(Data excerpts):
____________________
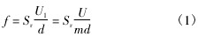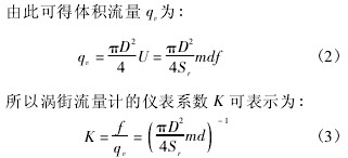式中: f 為旋渦頻率; Sr為斯特勞哈爾數; m 為旋渦發生體兩側弓形面積與管道橫截面面積之比,不可壓縮流體中,由于流體密度 ρ 不變,由連續性方程可得到 m = U/U1。
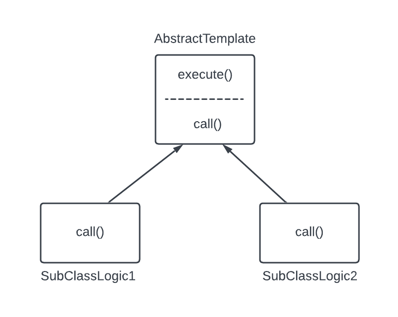 추상템플릿에 변하지 않는 로직들을 다 몰아 넣는다. 그리고 변하는 부분을 의미하는 메서드를 (위 그림에서는 call()이다.) 만든다. 그리고 call() 메서드는 오버라이딩해서 자식 클래스에서 구현하도록 구성한다.
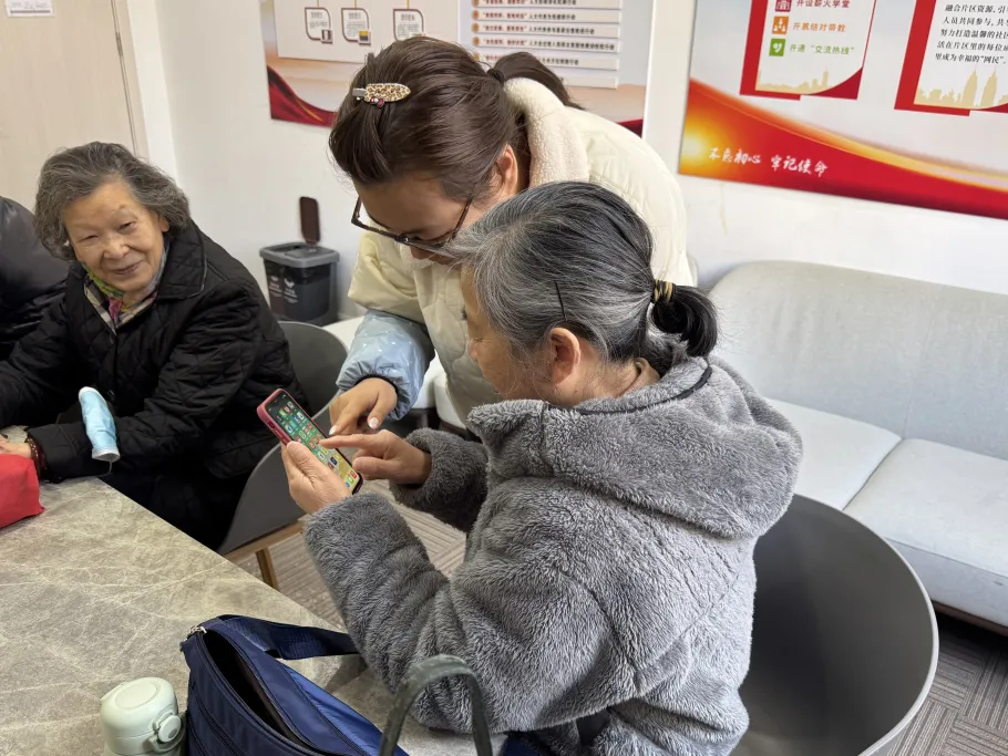 要稳稳地“托住”晚年幸福感,轻松舒适的适老化氛围必不可少。志愿者们始终保持耐心、温和、尊重的态度,不催促、不敷衍,用陪伴消除老人的紧张与不安。不少老人感慨:“在家门口有人教、有人帮,心里特别踏实。”
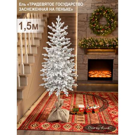 Ель тридевятое государство Поезд Ёлок литая заснеженная на пеньке 180см.
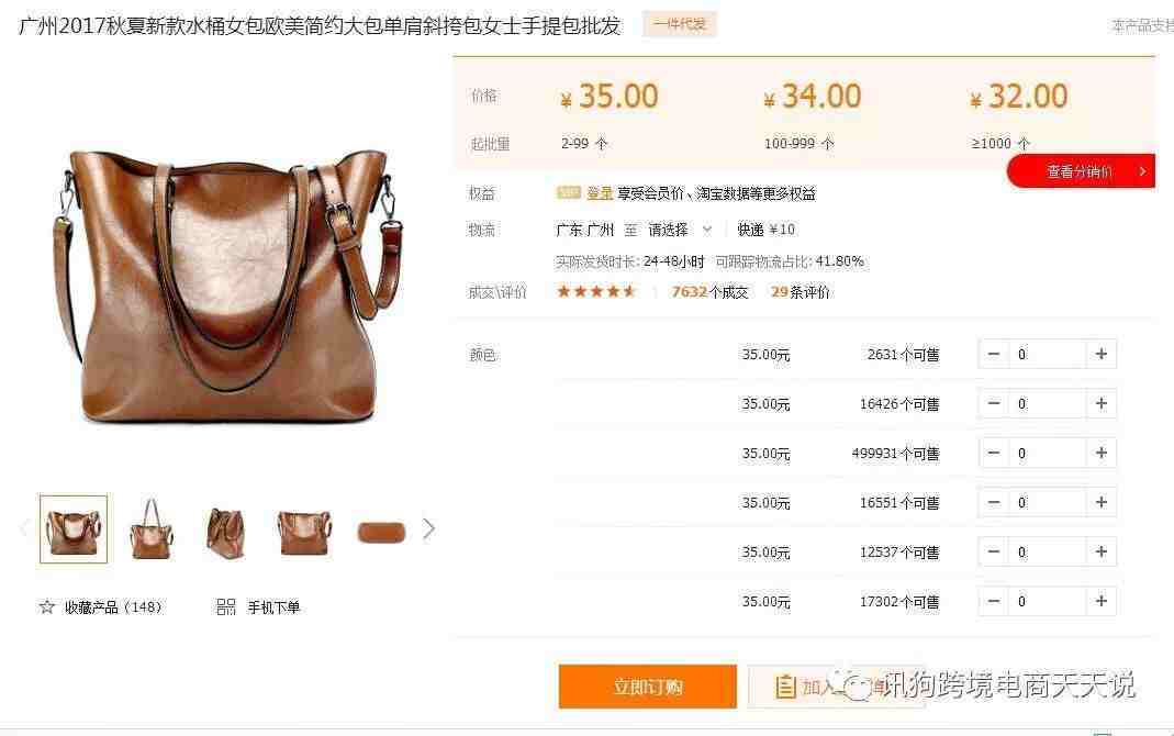 例如这款手提包,在亚马逊,wish和速卖通,销量都还不错。
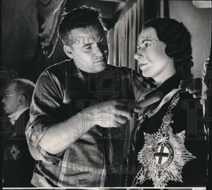 1966 Press Photo Tiberghien brushes royal raiment of Queen Elizabeth II
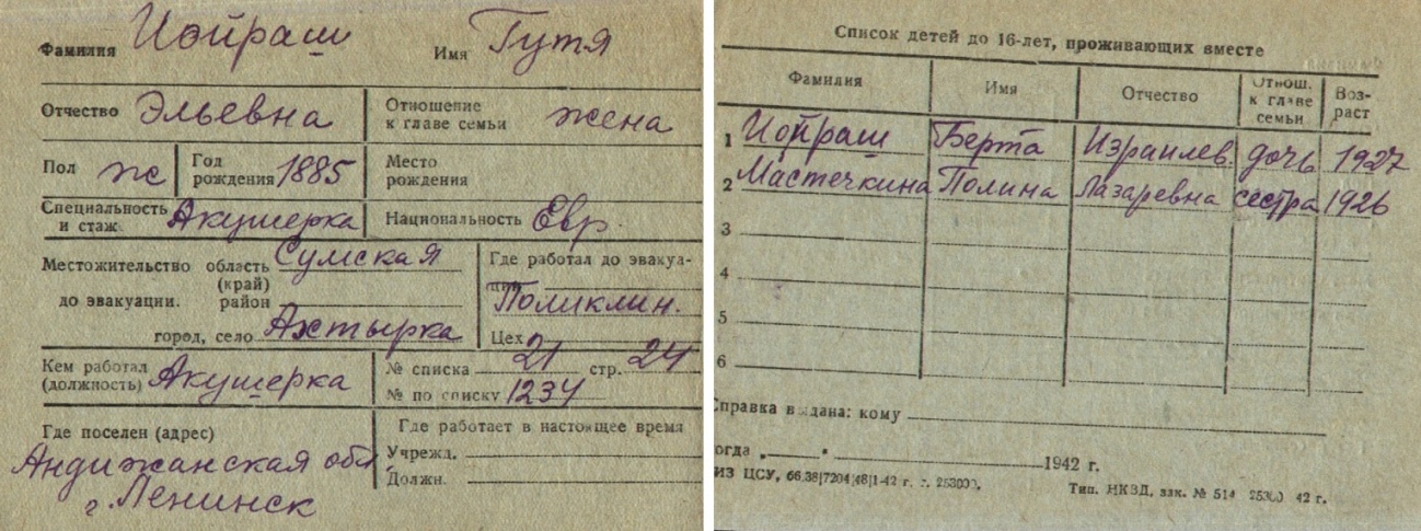 Gutya Ioyrash was born, 1885 to Eliy. Prior to WWII she lived in Akhtyrka, Ukraine (USSR). During the war she was in Uzbekistan (USSR). Gutya was registered following the evacuation/ in the interior of the Soviet Union.
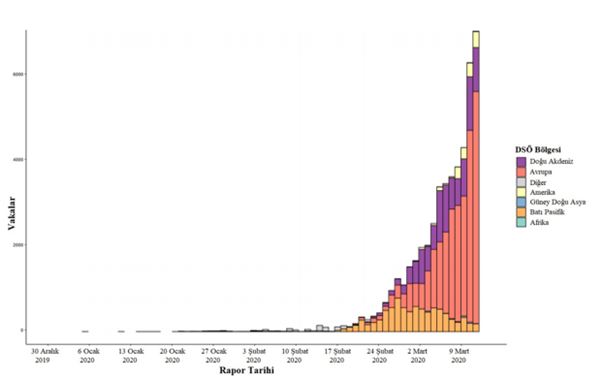 Şekil 2. 13 Mart 2020 tarihine kadar tam rapor günleriyle, Çin dışında bildirilen, doğrulanmış COVID-19 vakalarının (n=44.067), rapor tarihine ve DSÖ bölgesine göre epidemik eğrisi
____________________
(Your objective):
Lines from the one containing "例如这款手提包,在亚马逊,wish和速卖通,销量都还不错。" through the final line of the entries above are to be retyped exactly, with every picture left out.

(Written response):
 例如这款手提包,在亚马逊,wish和速卖通,销量都还不错。
 1966 Press Photo Tiberghien brushes royal raiment of Queen Elizabeth II
 Gutya Ioyrash was born, 1885 to Eliy. Prior to WWII she lived in Akhtyrka, Ukraine (USSR). During the war she was in Uzbekistan (USSR). Gutya was registered following the evacuation/ in the interior of the Soviet Union.
 Şekil 2. 13 Mart 2020 tarihine kadar tam rapor günleriyle, Çin dışında bildirilen, doğrulanmış COVID-19 vakalarının (n=44.067), rapor tarihine ve DSÖ bölgesine göre epidemik eğrisi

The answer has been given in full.